В исхлестанное дождем окно Джимми Херф смотрел на пузыри зонтиков, медленно плывшие по течению Бродвея. Кто-то постучал в дверь.
– Войдите, – сказал Джимми и отвернулся к окну, заметив, что лакей чужой, не Пат.
Лакей зажег электричество. Джимми увидел его отражение в оконном стекле: худой, стриженый человек держал в одной руке на весу поднос с серебряными судками, похожими на церковные купола. Лакей, отдуваясь, прошел в глубь комнаты, волоча свободной рукой сложенный столик. Он толчком раскрыл его, поставил на него поднос, а круглый стол накрыл скатертью. От него жирно пахло кухней. Джимми подождал, пока он не ушел, и повернулся. Он обошел стол, приподымая серебряные крышки; суп с маленькими зелеными штучками, жареная баранина, картофельное пюре, тертая брюква, шпинат и никакого десерта.
– Мамочка!
– Да, дорогой? – донесся слабый голос из-за закрытой двери.
– Обед подан, мамочка.
– Кушай, мальчик, я сейчас приду.
– Я не хочу без тебя, мамочка.
Он еще раз обошел стол, привел в порядок ножи и вилки. Он перекинул салфетку через руку. Метрдотель ресторана Дельмонико[87] накрывал стол для слепого богемского короля и принца Генриха Мореплавателя…[88]
– Мама, кем ты хочешь быть – королевой Марией Стюарт или леди Джейн Грей?[89]
– Но им обеим отрубили голову, золото мое. Я не хочу, чтобы мне отрубили голову.
Мать была одета в розовое платье. Когда она открыла дверь, вялый запах, запах одеколона и лекарств проник из спальни, потянулся за ее длинными, отороченными кружевами, рукавами. Она напудрилась чуточку больше, чем следовало, но ее пышные каштановые волосы были убраны очень красиво. Они уселись друг против друга; она подала ему тарелку супа, держа ее двумя руками с голубыми жилками.
Он ел суп, водянистый и недостаточно горячий.
– Ах, детка, я забыла про гренки!
– Мамочка… мама, почему ты не ешь?
– Мне сегодня что-то не хочется есть. Не знаю, что мне делать. У меня очень болит голова. Впрочем, это неважно.
– А может быть, ты хочешь быть Клеопатрой? У нее был чудный аппетит, и она съедала все, что ей давали. Она была пай-девочка.
– Даже жемчуг… Она опустила жемчужину в уксус и выпила его… – Ее голос дрожал.
Она протянула ему руку через стол; он погладил ее руку, как мужчина, и улыбнулся.
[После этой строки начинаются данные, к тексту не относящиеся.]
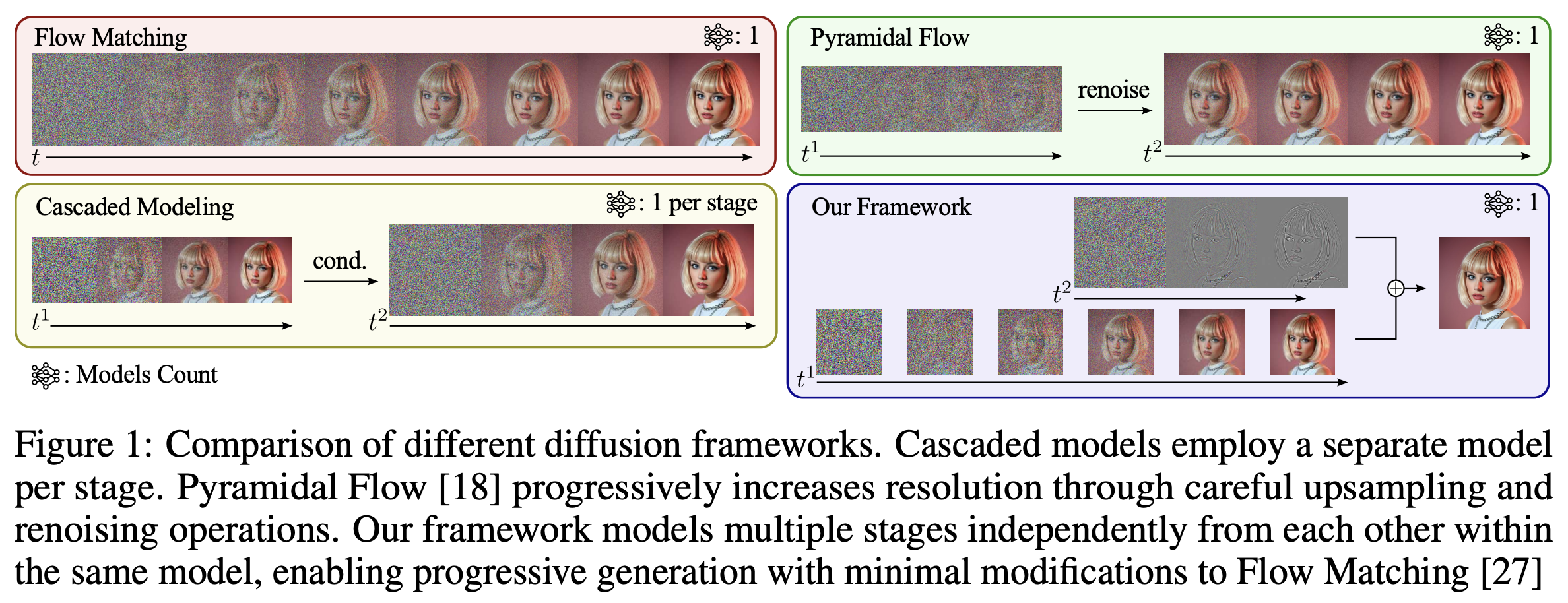 Generating high-dimensional visual modalities is a computationally intensive task. A common solution is progressive generation, where the outputs are synthesized in a coarse-to-fine spectral autoregressive manner. While diffusion models benefit from the coarse-to-fine nature of denoising, explicit multi-stage architectures are rarely adopted. These architectures have increased the complexity of the overall approach, introducing the need for a custom diffusion formulation, decomposition-dependent stage transitions, add-hoc samplers, or a model cascade. Our contribution, Decomposable Flow Matching (DFM), is a simple and effective framework for the progressive generation of visual media. DFM applies Flow Matching independently at each level of a user-defined multi-scale representation (such as Laplacian pyramid). As shown by our experiments, our approach improves visual quality for both images and videos, featuring superior results compared to prior multistage frameworks. On Imagenet-1k 512px, DFM achieves 35.2% improvements in FDD scores over the base architecture and 26.4% over the best-performing baseline, under the same training compute. When applied to finetuning of large models, such as FLUX, DFM shows faster convergence speed to the training distribution. Crucially, all these advantages are achieved with a single model, architectural simplicity, and minimal modifications to existing training pipelines.

– Только ты и я, Джимми, мой мальчик… Солнышко, ты всегда будешь любить твою маму?
– Что случилось, мамочка, милая?
– О, ничего. Я себя чувствую сегодня как-то странно. Я так устала от этого вечного нездоровья.
– Но после операции…
– Да, после операции… Пожалуйста, дорогой, в ванной на подоконнике есть свежее масло. Я положу немного в пюре, если ты принесешь. Придется опять сделать Замечание насчет стола. Баранина совсем неважная – надеюсь, что мы от нее не заболеем.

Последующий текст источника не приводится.